Major releases and other significant developments will be announced on the Excimontec: General News mailing list. If you are interested in keeping up to date with the development and application of this tool, please subscribe at the following link: Subscribe Here

If you would like to contribute to the development of this project or would like some help in using the tool for your research, please contact me ([email protected]) to discuss a collaboration. You can check out my KMC research and other work on Researchgate.

This software tool uses Message Passing Interface (MPI) to utilize parallel computing power. As a result, using Excimontec requires that an MPI library is pre-installed on your system, and the final Excitmontec executable must be built on your specific system. We cannot provide pre-built binaries for your system. Contact your HPC admin to determine the protocols for building MPI applications on your HPC system. In many cases, the HPC system will already be configured for you, and the package comes with a default makefile that can be used with the gcc compiler.

If you wish, you can also install MPI on your own personal workstation and then build Excimontec there as well. For development and preliminary simulation tests, sometimes it is more efficient to run on your own workstation instead of an HPC system. More information about common MPI packages can be found here:

• http://www.open-mpi.org/
• http://www.mpich.org/
• http://mvapich.cse.ohio-state.edu/

In most cases, your HPC system will use a job scheduler to manage the computing workload. For performing Excimontec simulations, it is recommended to submit batch jobs where you will request the resources needed to perform the simulation. An example batch script for the SLURM job scheduling system is provided with this package (slurm_script.sh). Similar batch scripts can also be written for TORQUE or other job schedulers.

Regardless of the job scheduler, the program execution command is essentially the same. Excimontec.exe takes one required input argument, which is the filename of the input parameter file. An example parameter file is provided with this package (parameters_default.txt).

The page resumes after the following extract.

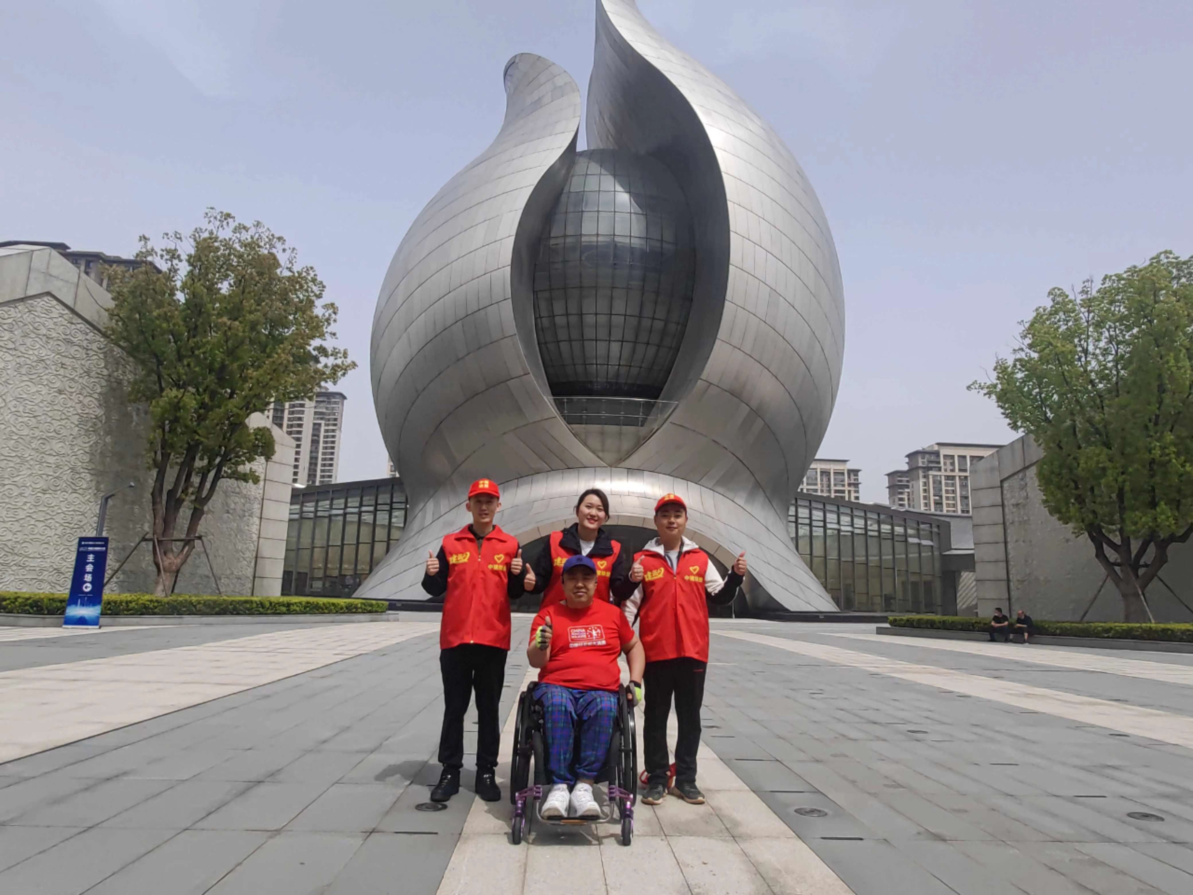 胡洁(左二)和志愿服务团队带于乐乐游武汉。受访者供图

For example, within the batch script, to create a simulation that runs on 10 processors, an the execution command is:

mpiexec -n 10 Excimontec.exe parameters_default.txt

In this example, the parameters_default.txt file that is located in the current working directory is loaded into the Excimontec program to determine what simulation to run.

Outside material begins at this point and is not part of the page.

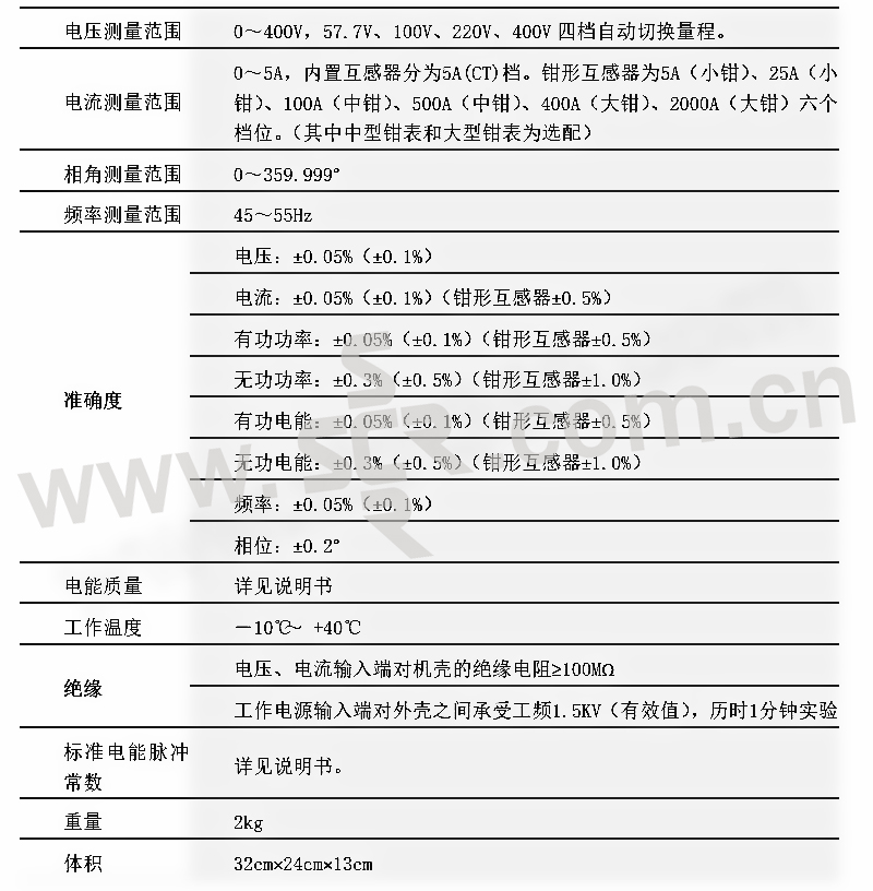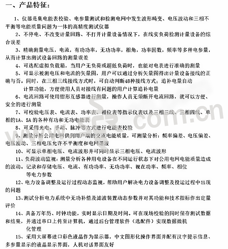 ·仪器是集电能表校验、电参量测试和检测电网中发生波形畸变、电压波动和三相不平衡等电能质量问题为一体的高精度测试仪器·不停电、不改变计量回路、不打开计量设备情况下,在线实负荷检测计量设备的综合误差·精确测量电压,电流,有功功率,无功功率,相角,功率因数,频率等多种电参量,从而计算出测试设备回路的测量误差·可选配虚拟负载箱,当用户无负荷或超低负荷时,也能对电表进行准确的测量·可显示被测电压和电流的矢量图,用户可以通过分析矢量图得出计量设备接线的正确与否。同时,在三相三线

Excimontec will create a number of different output files depending which test is chosen in the parameter file:

• results#.txt -- This text file will contain the results for each processor where the # will be replaced by the processor ID.
• analysis_summary.txt -- When MPI is enabled, this text file will contain average final results from all of the processors.
• dynamics_average_transients.txt -- When performing a dynamics test, calculated exciton, electron, and hole transients will be output to this file.
• ToF_average_transients.txt -- When performing a time-of-flight charge transport test, calculated current transients, mobility relaxation transients, and energy relaxation transients will be output to this file.
• ToF_transit_time_dist.txt -- When performing a time-of-flight charge transport test, the resulting polaron transit time probability distribution will be output to this file.
• ToF_results.txt -- When performing a time-of-flight charge transport test, the resulting quantitative results are put into this parsable delimited results file.
• Charge_extraction_map#.txt -- When performing a time-of-flight or IQE test, the x-y locations where charges are extracted from the lattice are saving into this map file.

For Igor Pro users, I am developing an open-source procedures package for loading, analyzing, and plotting data from Excimontec simulations called Excimontec_Analysis. This is a good starting point for managing the data generated by Excimontec, and the Igor Pro scripting environment provides a nice playground where users can perform more advanced data analysis as needed.

Public API documentation for the Excimontec package is still under development and can be viewed here.